Possible bug with portREMOVE_STATIC_QUALIFIER

richardharvie wrote on Tuesday, June 14, 2011:

When defining portREMOVE_STATIC_QUALIFIER to allow debugger access to RTOS variables, it allows uninitialised variables to be used, which in our case, caused a DABORT.

The problem is that when portREMOVE_STATIC_QUALIFIER is defined, it removes that static keyword to the variables at the top of croutine.c and tasks.c. The static keyword forces these variables to be initialised to zero, removing this allows the variables to be left uninitialised, although the code relies on them being zero at start-up.

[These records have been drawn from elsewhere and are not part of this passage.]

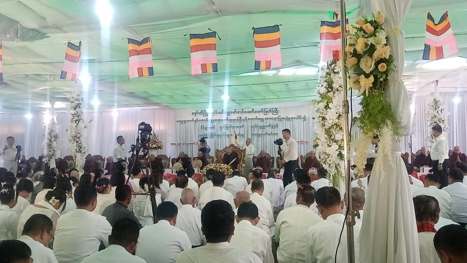 ရှေးဟောင်းသမိုင်းဝင်ဆံတော်ရှင်ရွှေ မော်တင်စေတီတော်မြတ်ကြီး၏ စိန်ဖူးတော် ငှက်မြတ်နားတော် လုံးတော်ပြည့်စတီးရွှေသင်္ကန်းကပ်လှူပူဇော်ပွဲနှင့် ဘက်စုံပြုပြင်လှူဒါန်းခြင်းအခမ်းအနားဆိုင်းဘုတ်အား အောင်ဇမ္ဗူဆရာတော်နှင့် ရန်ကုန်တိုင်းစစ်ဌာနချုပ်တိုင်းမှူးဗိုလ်ချုပ်ပြည့်စုံလင်းတို့က စက်ခလုတ်နှိတ်ဖွင့်လှစ်ကာ ရေစက်သွန်းချအလှူတော်မင်္ဂလာအခမ်းအနားအား နမောတဿ သုံးကြိမ်ရွတ်ဆို ဘုရားကန်တော့၍ အခမ်းအနားကို ဖွင့်လှစ်ကာ မဟာဗောဓိရိပ်ငြိမ်တောရဓမ္မရိပ်သာဆရာတော်ဘုရားကြီးထံ၌ ငါးပါးသီလခံယူဆောက်တည်ကြပြီး ရန်ကုန်တိုင်းစစ်ဌာနချုပ်တိုင်းမှူး ဗိုလ်ချုပ် ပြည့်စုံလင်း၊ အလှူရှင် ဦးသူရမြင့်ဆွေ ဒေါ်သန္တာဌေးနှင့် မိသားစုနှင့် ရွှေမော်တင်စေတီတော်ဂေါပကဥက္ကဋ္ဌနှင့် အဖွဲ့ဝင်များ၊ စေတနာရှင်အလှူရှင်များက လှူဖွယ်ဝတ္ထုများ ဆက်ကပ်လှူဒါန်းကာ အောင်ဇမ္ဗူတောရဆရာတော်ဘုရားမှ ဩဝါဒကထာမြွက်ကြား၍ လှူဖွယ်ဝတ္ထုအစုစုတို့အတွက် ရေစက်သွန်းချအမျှပေးဝေကာ ရှေးဟောင်းသမိုင်းဝင်ဆံတော်ရှင်ရွှေမော်တင်စေတီတော်မြတ်ကြီး၏ စိန်ဖူးတော် ငှက်မြတ်နားတော် လုံးတော်ပြည့် စတီးရွှေသင်္ကန်း ကပ်လှူပူဇော်ပွဲနှင့် ဘက်စုံပြုပြင်မွန်မံလှူဒါန်းပူဇော်ခြင်းရေစက်သွန်းချမင်္ဂလာအခမ်းအနားကို ဗုဒ္ဓသာသနံစိရံတိဋ္ဌတု သုံကြိမ်ရွတ်ဆို၍ ရတနာရွှေမိုးငွေမိုးရွာသွန်းဖြိုးကာ အခမ်းအနားပိတ်သိမ်းခဲ့ကြောင်း သိရသည်။
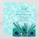 Glittery Teal Blue Peacock Feathers 50th Invitation
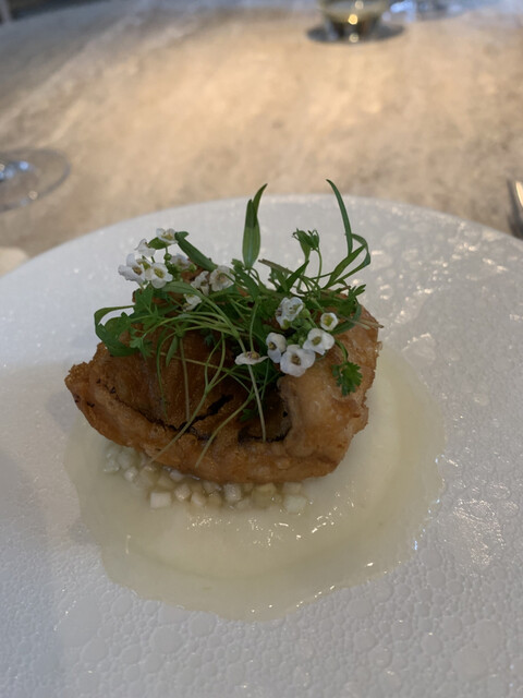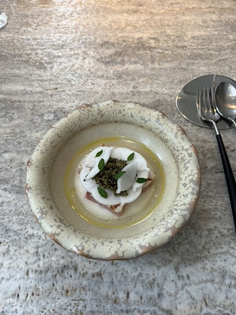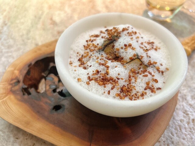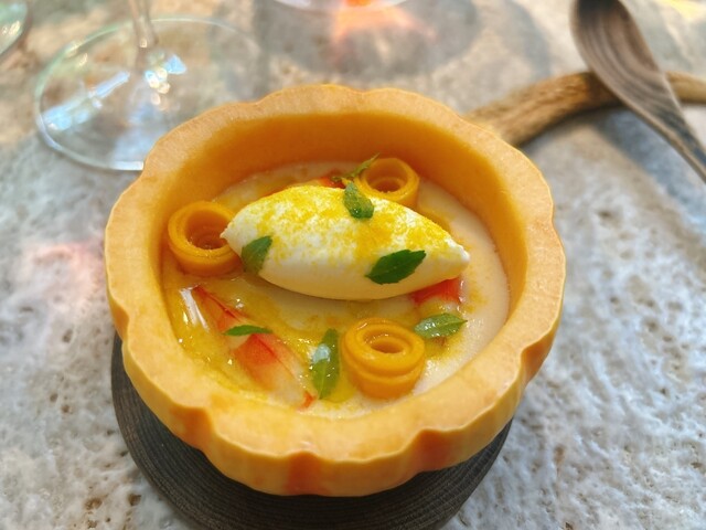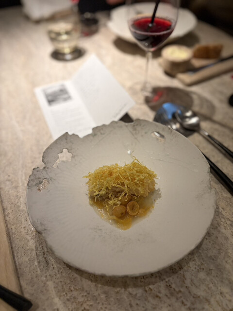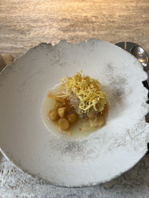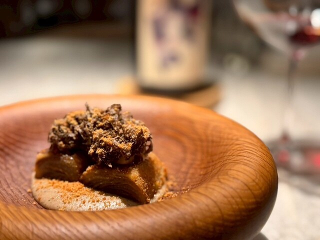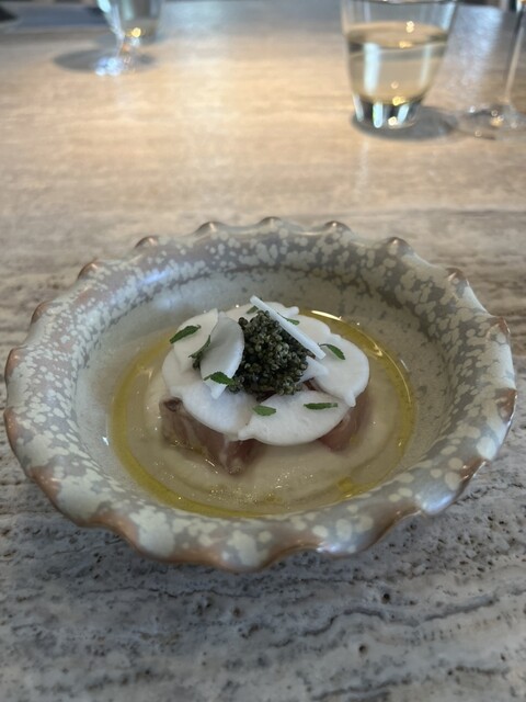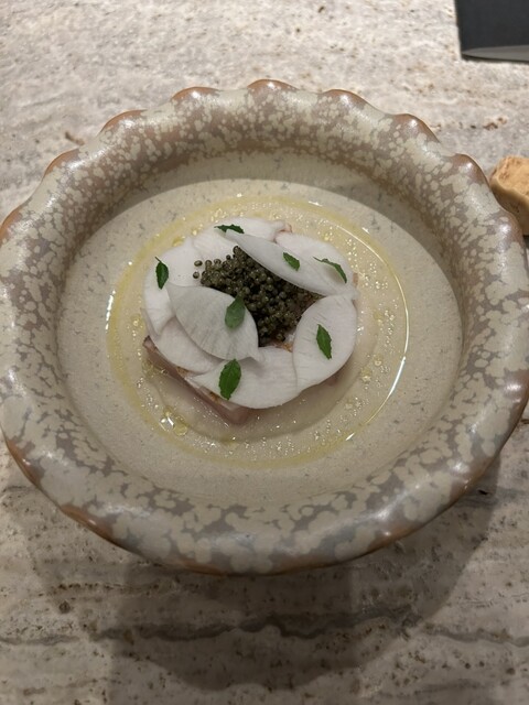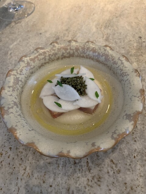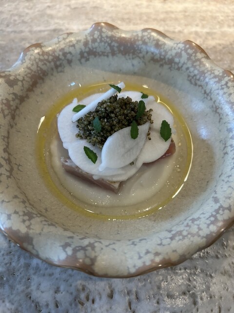 まずは徳島産の寒ブリ。聖護院かぶのピューレと甘さと、レホールの辛さのバランスが美味しいです。ブリはスモークされていて香ばしい。木の芽も利いています。
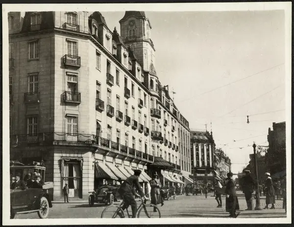 gateløp, Grand Hotel, biler, mennesker, syklist, gateliv, forretningsgårder
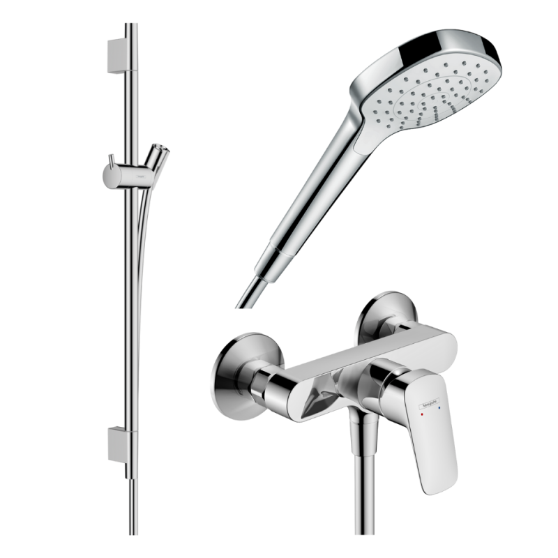 Pack mitigeur douche mécanique HANSGROHE Logis + Barre Unica S Puro + flexible + Pommeau Croma Select E blanc/chromé
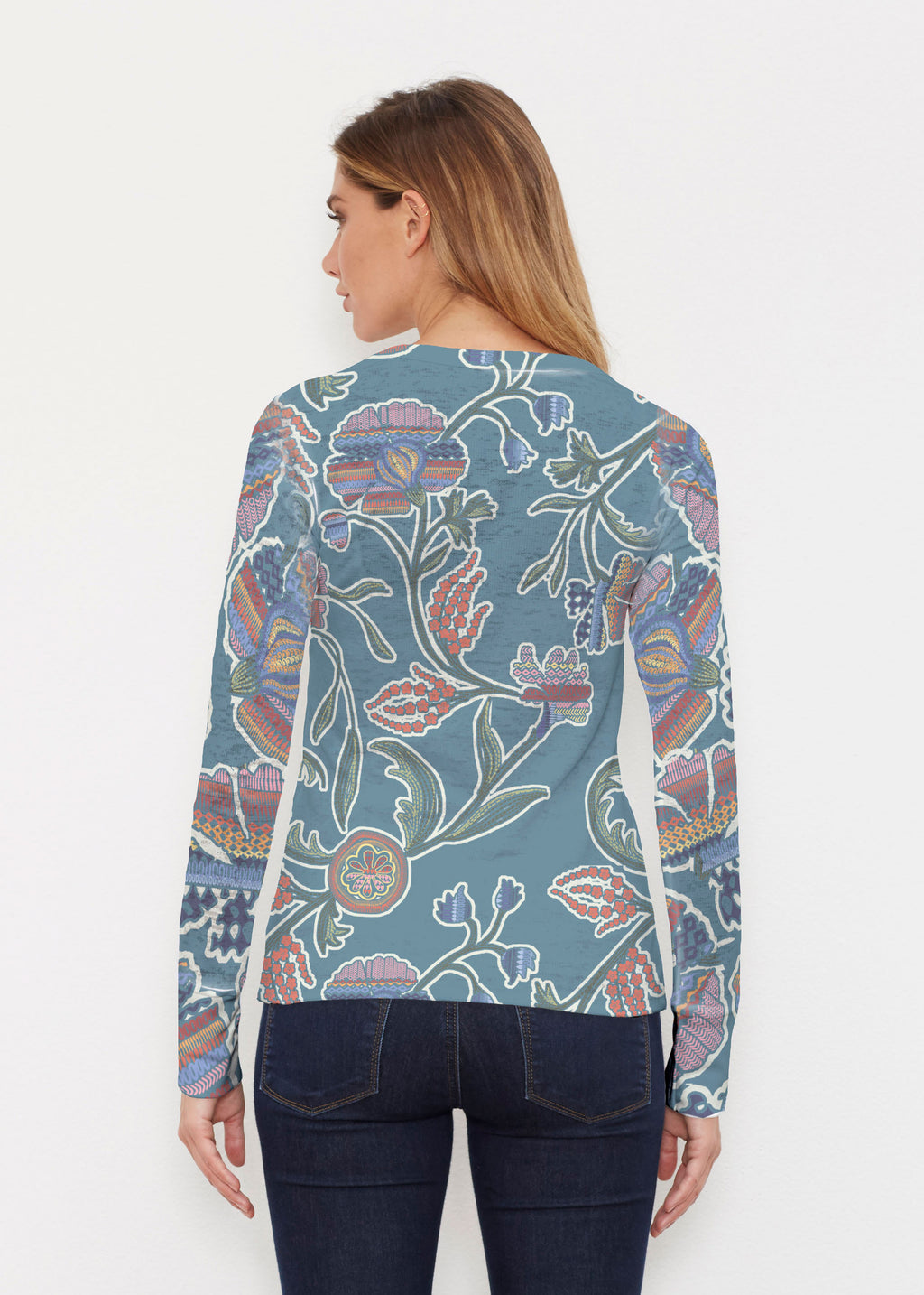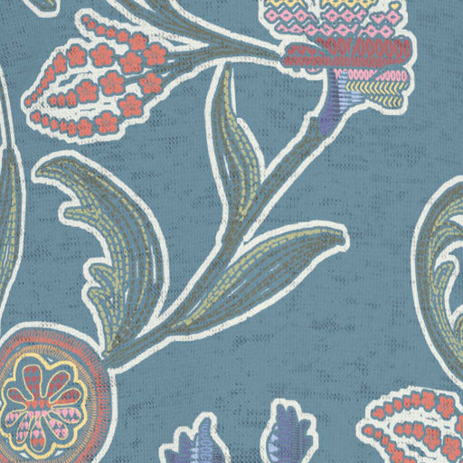 A playful floral print with a beautiful apricot background and bold floral sleeves designed by Susan Werner.
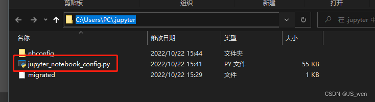 4.复制图上的路径,找到jupyter_notebook_config.py(方便方法:安装everything直接搜索:.jupyter,直达文件夹)
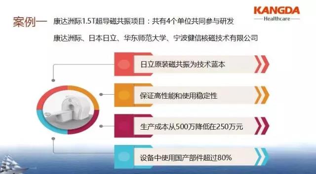 這個項目共有4個單位共同參與研發(fā)和產(chǎn)業(yè)化,分別是康達洲際、日本日立、華東師范大學(xué)、寧波健信核磁技術(shù)有限公司,研發(fā)的產(chǎn)品則是以日立1.5T超導(dǎo)磁共振為基礎(chǔ)上進一步升級——一臺完全與世界最先進技術(shù)同步的磁共振設(shè)備。
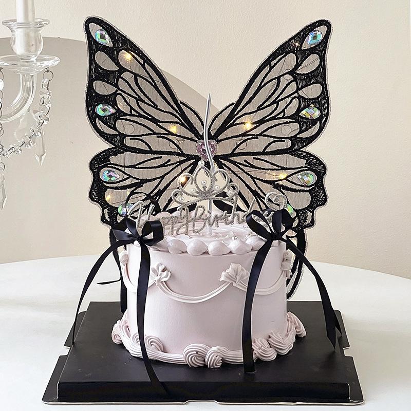 Compra Decoraciones para Pastel de Cumpleaños de Diosa Celebridad de Internet Hermoso Bordado con Adornos de Mariposas Negras Claras Corona de Perlas Vestido para Hornear al por mayor en Joom.pro
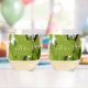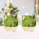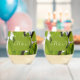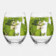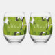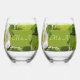 A perfect reminder of your perfect day with these stemless wine glasses with beautiful rich green in tones and tree leaves in sunlight.
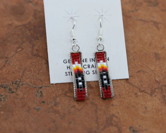 Beautiful Navajo sterling silver Earrings. They are made from sterling silver and beads. The earrings about 1 7/8" long including the hook and 1/4" wide.
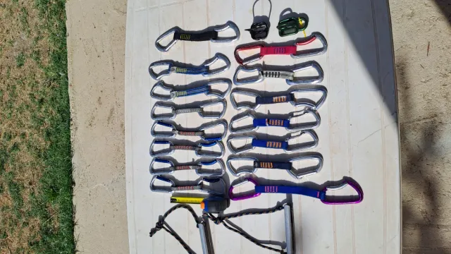 Dettagli del prodottoLotto composto da 15 rinvii per arrampicata su roccia, completi di moschettoni.
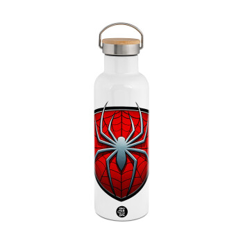 Lilo & Stitch Angel pink, Μεταλλικό παγούρι θερμός (Stainless steel) Λευκό με ξύλινο καπάκι (bamboo), διπλού τοιχώματος, 750ml
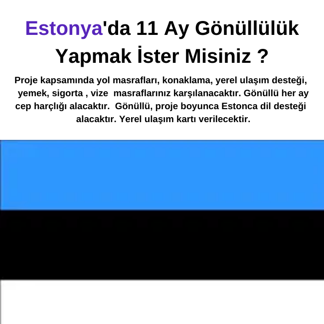 Proje kapsamında yol masrafları, konaklama, yerel ulaşım desteği, yemek, sigorta , vize masraflarınız karşılanacaktır. Gönüllü her ay cep harçlığı alacaktır. Gönüllü, proje boyunca Estonca dil desteği alacaktır. Yerel ulaşım kartı verilecektir.
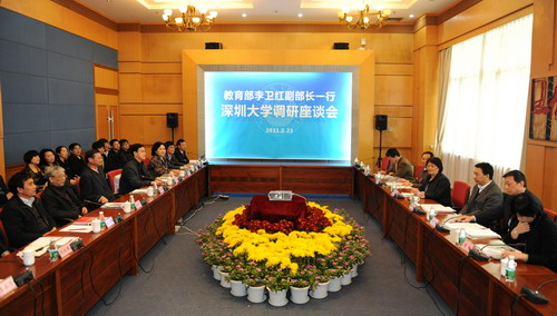 2月23日,教育部副部长李卫红一行在广东省教育厅副厅长李小鲁,深圳市副市长吴以环、教育局局长郭雨蓉陪同下视察我校,并听取了我校人文社科研究的情况汇报。我校领导江潭瑜、章必功、邢苗、陶士平、陶一桃、阮双琛、邢锋、李永华、李凤亮参加调研活动。
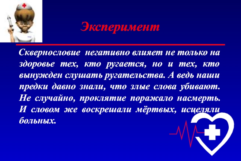 ругается, но и тех, кто вынужден слушать ругательства. А ведь наши предки давно знали, что злые слова убивают. Не случайно, проклятие поражало насмерть. И словом же воскрешали мёртвых, исцеляли больных.
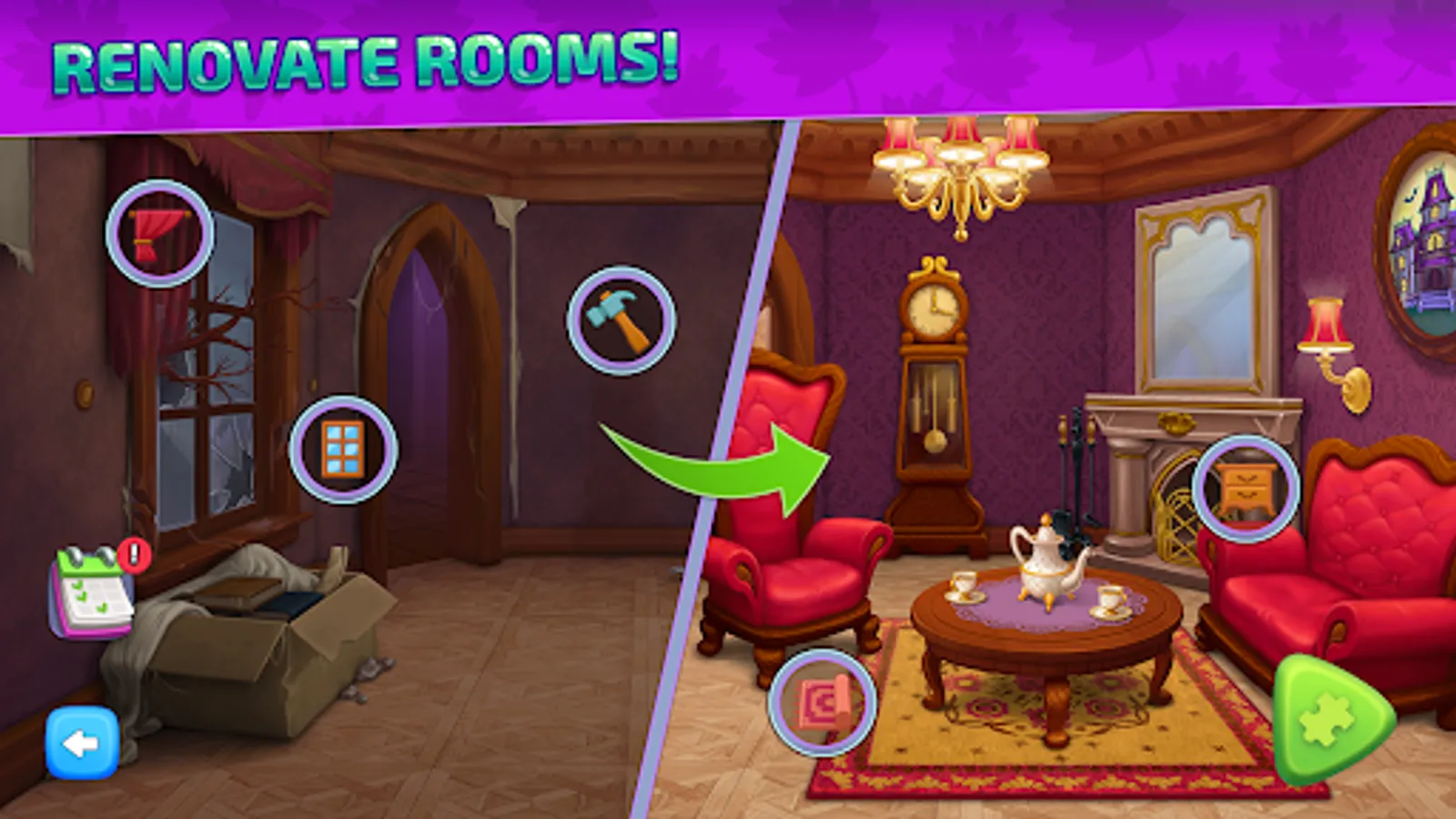 Play fun jigsaw puzzle & riddle games to renovate & decorate your house to Halloween!
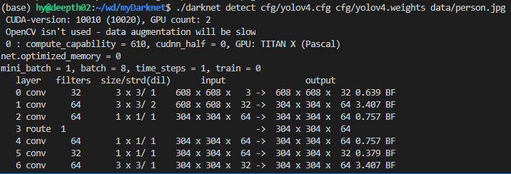 $ ./darknet detect cfg/yolov4.cfg cfg/yolov4.weights data/person.jpg
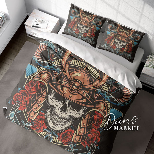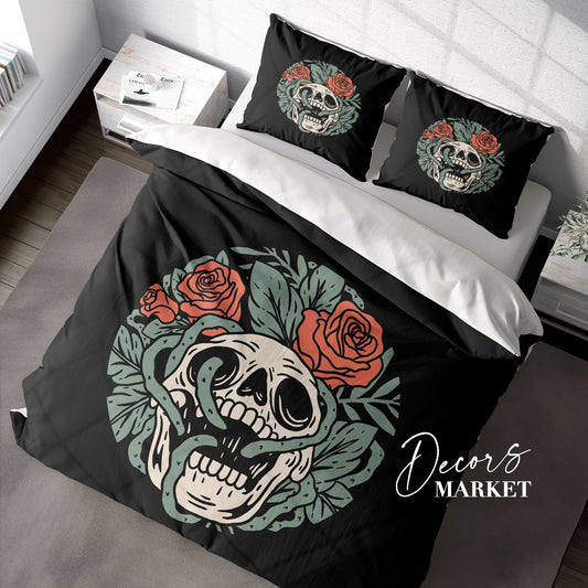 Skeleton Rose Snake Duvet Cover Set w Pillowcases, Colorful Art Fantasy 3D Quilt Cover, 3pc Single Double Queen King Size Doona Cover
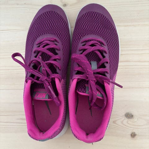 Kyaoba sport sneakers træningssko i str. 38. Skoene er i bordeaux med pink detaljer og hvid sål. Overdelen er i åndbart mesh-tekstil med snørelukning. Ydersålen er i gummi med mønster for greb. Indersiden er polstret for komfort under brug. Velegnet til fitness og anden let træning samt hverdagsbrug. Kun brugt indendøre, der er lidt brugsspor i syningen (billede 3)
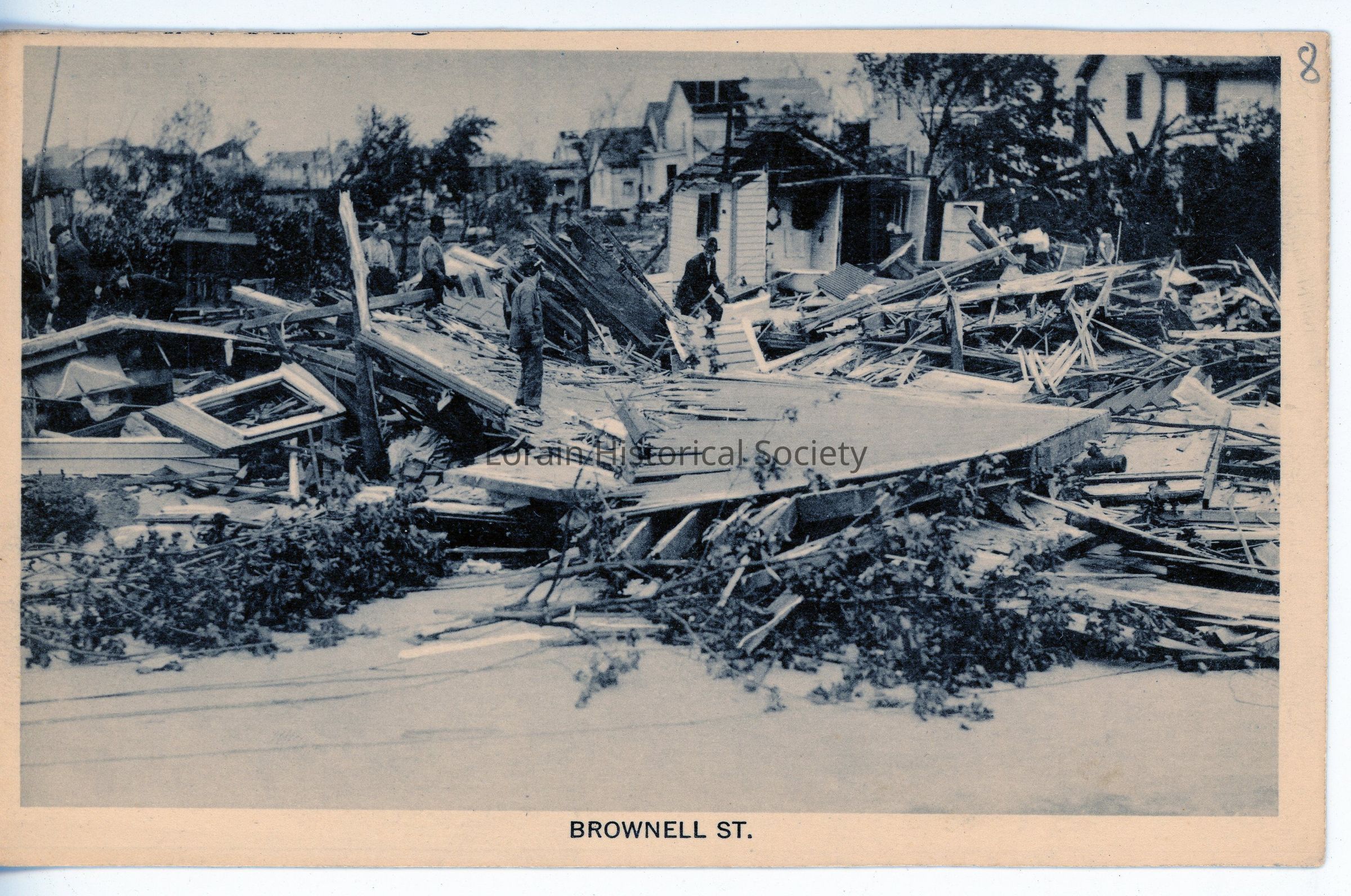 Postcard is view of 618 Brownell Avenue, Mary and William Connor home (exposed bedroom and bathroom from second floor now on street level behind debris). Postcard reads: "No. 12. BROWNELL ST., LORAIN, OHIO".Acquisition
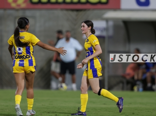 FBL-ISR Women’s Premier League Matchday 1 – Maccabi Tel Aviv (in yellow) vs. AS Ramat HaSharon (in white), September 11, 2025, Ness Ziona Stadium, Ness Ziona, Israel.

Obvious fix is to add = 0 to each of the variables when portREMOVE_STATIC_QUALIFIER is defined.

I’ve tested this using Rowley Crossworks 1.7, up to date freeRTOS, and LPC2388.

rtel wrote on Tuesday, June 14, 2011:

The only port layers that define portREMOVE_STATIC_QUALIFIER, and have therefore been tested with portREMOVE_STATIC_QUALIFIER, are the three that use MPLAB (PIC18, PIC24/dsPIC and PIC32). 

However, variables should be explicitly initialised at the point of declaration as a matter of course, and this is the aim in FreeRTOS.  Sometimes it is not possible, if, for example, a variable is inside a structure for packing reasons, or the variable itself is a structure.  Some compilers even complain when you try using valid syntax to clear an array to zero.  In these cases the variables/structures are (should be) initialised manually in the code itself.

Looking at tasks.c, the only variables I can see that are not initialised at the point of declaration are structures of type xList, and these are initialised by the function prvInitialiseTaskLists(), which is called when the first task is created.

Which variable in tasks.c is causing you a problem?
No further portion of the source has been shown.